Task description: In the material below, the required lines run from the one containing "気象(外気)だけでなく、建物" through the one containing "Het dessert verdient". Copy those lines exactly, ends included, and nothing else.
*** Opening of Working data ***
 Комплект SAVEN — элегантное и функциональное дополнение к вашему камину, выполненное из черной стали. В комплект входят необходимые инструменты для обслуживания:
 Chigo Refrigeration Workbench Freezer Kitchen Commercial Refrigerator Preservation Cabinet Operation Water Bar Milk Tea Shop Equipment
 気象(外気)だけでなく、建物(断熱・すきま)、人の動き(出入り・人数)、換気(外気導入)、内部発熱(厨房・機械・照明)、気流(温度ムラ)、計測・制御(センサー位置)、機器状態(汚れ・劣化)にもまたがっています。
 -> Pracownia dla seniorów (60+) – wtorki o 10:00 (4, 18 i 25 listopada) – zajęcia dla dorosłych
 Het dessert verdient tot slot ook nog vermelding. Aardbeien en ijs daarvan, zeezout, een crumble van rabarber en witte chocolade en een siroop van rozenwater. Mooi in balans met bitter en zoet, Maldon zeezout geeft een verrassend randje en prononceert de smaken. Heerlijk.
*** Close of Working data ***
*** Opening of Working data ***
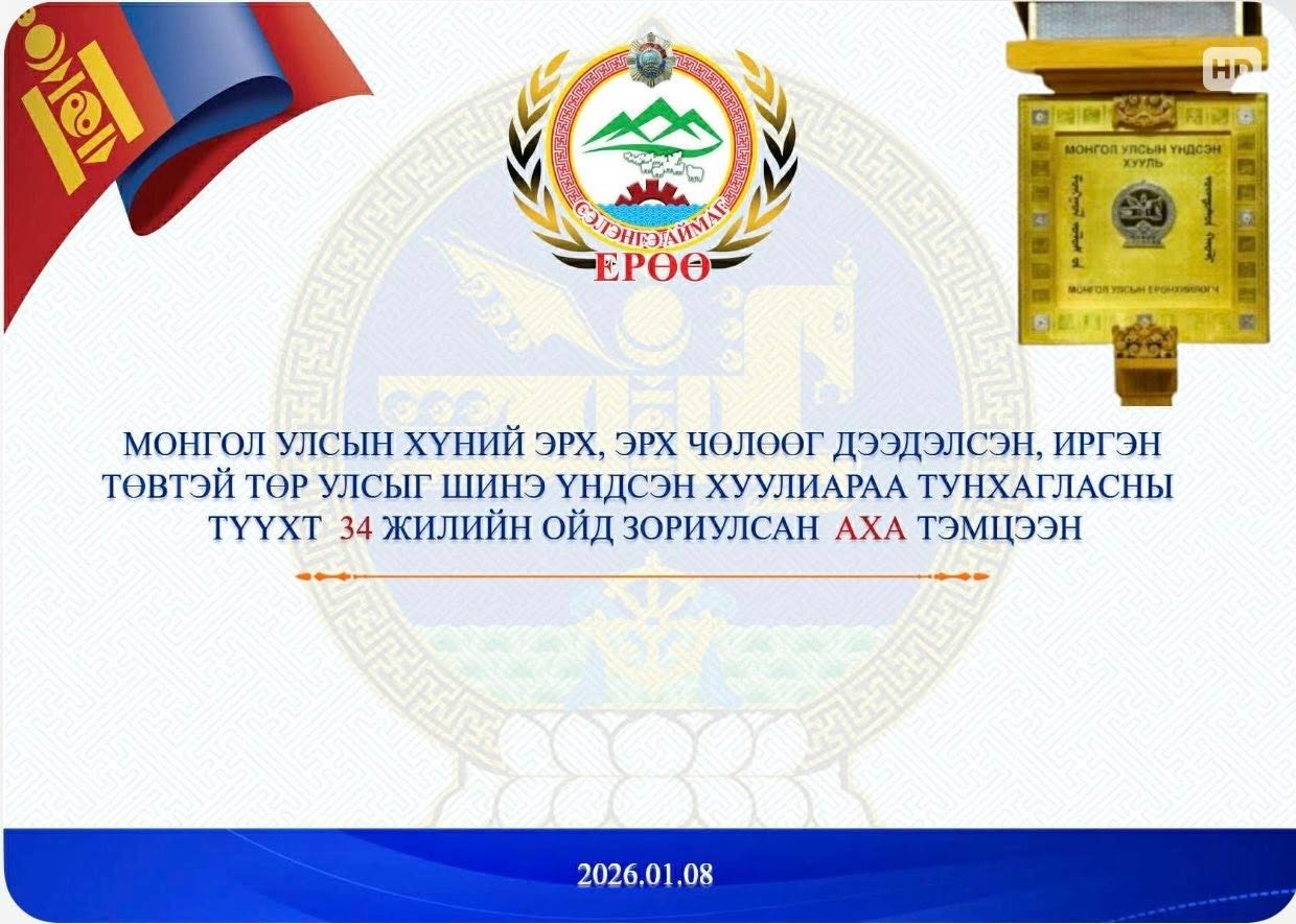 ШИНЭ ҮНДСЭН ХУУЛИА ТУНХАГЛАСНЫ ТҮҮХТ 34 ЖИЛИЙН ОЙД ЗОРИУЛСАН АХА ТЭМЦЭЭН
*** Close of Working data ***
*** Opening of Working data ***
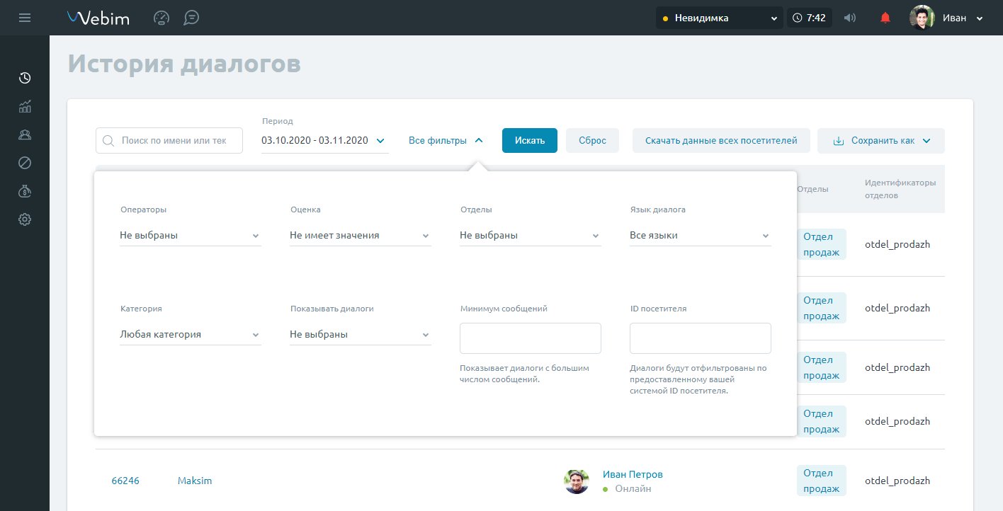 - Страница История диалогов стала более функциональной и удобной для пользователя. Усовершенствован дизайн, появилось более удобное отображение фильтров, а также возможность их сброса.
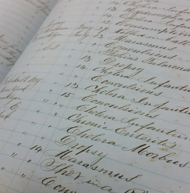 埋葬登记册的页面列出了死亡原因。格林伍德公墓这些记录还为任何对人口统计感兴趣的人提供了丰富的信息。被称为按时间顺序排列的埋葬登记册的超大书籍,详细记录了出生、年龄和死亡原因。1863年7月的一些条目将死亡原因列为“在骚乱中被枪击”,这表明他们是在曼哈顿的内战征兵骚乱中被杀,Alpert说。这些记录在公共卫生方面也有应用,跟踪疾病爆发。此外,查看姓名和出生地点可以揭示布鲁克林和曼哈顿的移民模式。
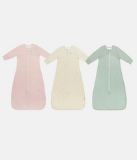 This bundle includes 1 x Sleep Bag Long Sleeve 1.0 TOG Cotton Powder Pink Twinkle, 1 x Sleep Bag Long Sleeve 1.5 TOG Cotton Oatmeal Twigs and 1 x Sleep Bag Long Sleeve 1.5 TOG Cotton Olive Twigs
*** Close of Working data ***
Result below:
 気象(外気)だけでなく、建物(断熱・すきま)、人の動き(出入り・人数)、換気(外気導入)、内部発熱(厨房・機械・照明)、気流(温度ムラ)、計測・制御(センサー位置)、機器状態(汚れ・劣化)にもまたがっています。
 -> Pracownia dla seniorów (60+) – wtorki o 10:00 (4, 18 i 25 listopada) – zajęcia dla dorosłych
 Het dessert verdient tot slot ook nog vermelding. Aardbeien en ijs daarvan, zeezout, een crumble van rabarber en witte chocolade en een siroop van rozenwater. Mooi in balans met bitter en zoet, Maldon zeezout geeft een verrassend randje en prononceert de smaken. Heerlijk.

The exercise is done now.